## Information provided
□ □ □ □

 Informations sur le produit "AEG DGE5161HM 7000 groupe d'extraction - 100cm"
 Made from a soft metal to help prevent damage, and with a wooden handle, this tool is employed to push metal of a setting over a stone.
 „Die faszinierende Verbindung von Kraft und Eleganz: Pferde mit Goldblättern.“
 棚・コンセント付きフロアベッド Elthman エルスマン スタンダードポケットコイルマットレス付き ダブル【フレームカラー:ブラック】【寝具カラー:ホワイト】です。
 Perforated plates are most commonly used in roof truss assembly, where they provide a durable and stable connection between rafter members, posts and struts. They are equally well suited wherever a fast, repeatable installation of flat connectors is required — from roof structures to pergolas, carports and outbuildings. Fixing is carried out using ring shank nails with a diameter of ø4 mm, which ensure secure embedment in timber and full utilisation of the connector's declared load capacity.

□ □ □ □

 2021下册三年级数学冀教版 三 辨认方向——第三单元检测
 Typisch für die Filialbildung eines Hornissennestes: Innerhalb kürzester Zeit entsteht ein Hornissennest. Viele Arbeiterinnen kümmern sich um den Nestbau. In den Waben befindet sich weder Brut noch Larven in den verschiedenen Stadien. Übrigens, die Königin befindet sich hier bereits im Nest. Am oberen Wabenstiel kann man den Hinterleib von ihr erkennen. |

□ □ □ □

## Your goal
All that is needed is the exact run of lines above from the line containing "棚・コンセント付きフロアベッド Elthman エルスマン" through the line containing "Perforated plates are", both of them included.

## Result for this exercise
 棚・コンセント付きフロアベッド Elthman エルスマン スタンダードポケットコイルマットレス付き ダブル【フレームカラー:ブラック】【寝具カラー:ホワイト】です。
 Perforated plates are most commonly used in roof truss assembly, where they provide a durable and stable connection between rafter members, posts and struts. They are equally well suited wherever a fast, repeatable installation of flat connectors is required — from roof structures to pergolas, carports and outbuildings. Fixing is carried out using ring shank nails with a diameter of ø4 mm, which ensure secure embedment in timber and full utilisation of the connector's declared load capacity.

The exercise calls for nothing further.